Smiling is something I practice. When I look into the mirror I try while looking at an old photo and get frustrated with myself. I watch comedies, read the funnies, and keep up with things I am suppose to laugh at. I practice. Smiling is a skill that healthy people take for granted, I did. I was that annoying person who smiled for no reason. I was often told I smiled too much or was too happy. I giggled and laughed easily. But now it’s hard. I can feel the vibrations of laughter in my skull. Giggling is tiring. Smiling is hard when your physical pain is so consuming. I was in acting before I got sick. So I can smile while engaged with someone, it takes effort but the smile can look natural. When engaged with someone I can even get distracted enough to make small smiles and soft laughter naturally. I have learned to laugh silently. My niece gets a kick out of it. It all takes practice and concentration. It might sound silly, but part of me is afraid that I will forget how to express happiness so I practice.
It is almost an insult to be told to smile. It is unkind to make someone feel like their best efforts to function in an hostile environment is not good enough. Especially by someone who knows why the environment is hostile. It is unfair to have to hold all the things you want to tell the jerk in because of what others think are okay excuses, her age, family status, grandpa, her feelings, she probably doesn’t remember, trying to show they care.
My real grandma taught me that it is more important that I go to these things then to put on a happy face or even interact with anyone. It is about effort and showing that I care. She said that I should pick the most comfortable spot and if anyone wanted to see me they could come to me. She would say that anyone who did not appreciate the effort of showing up wasn’t worth my time. Now, they didn’t have to come see me to appreciate my effort, they just had to respect the fact that I am a disabled person who needs control over my environment and can become overwhelmed by crowds. I am making a statement to you by being here. I am giving up all my spoons to be here. It might might end up taking everything I can muster today, but I wanted to be here. Grandma also said its okay not to go, don’t try to give out spoons you don’t have. It is like stealing, only jail is the hospital. When you don’t go it is their responsibility to show caring: we missed you, take care, there will be another time, do you need.

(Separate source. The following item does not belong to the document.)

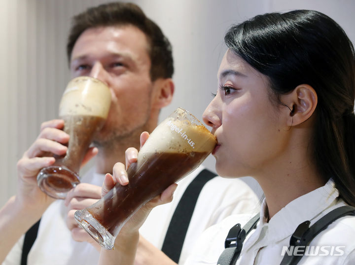 [서울=뉴시스] 김진아 기자 = 1일 오전 서울 마포구 엔제리너스 홍대L7점에서 모델들이 엔제리너스 '아메리치노 코젤다크&코젤제로'를 선보이고 있다. 아메리치노 신제품은 코젤 다크 시나몬의 아메리치노 버전으로 알코올을 제외하고 오직 흑맥주의 향과 시나몬 슈거를 담은 '아메리치노 코젤다크'와 최근 제로 열풍을 겨냥해 제로 칼로리와 디 카페인의 특징을 담은 '아메리치노 코젤제로' 등 2종이다. 2023.08.01. [email protected]

I do not understand step-grandmother. All she had to do to see me smile was to engage me in conversation. She does something uncaring every time I see her. I am told it’s because she cares. She violated the spoons. Grandma took years to teach my extended family a way to be around me without being awkward or fearful. Step-grandmother is announcing that I don’t meet her requirements, I do not cope with my illness well enough, I cannot function well enough to be presented in society. The time before she actually said that I am still sick because my mom, gramma, and deceased grandma did not care for me well enough. I find it ironic that in my immediate family I’m the nicest and most tolerant, so before we met her I was chosen to create that bridge of acceptance into the family for her.
I have not been patted on the cheek since I was a child. Grandma did it saying I was a cute rascal. When being treated like a five-year-old I really want to act like one. Five-year-olds are allowed to cry, be crabby, and whine when it hurts. They can tell people off and be the worse brat imaginable because of a boo-boo. Makes me want to be 5.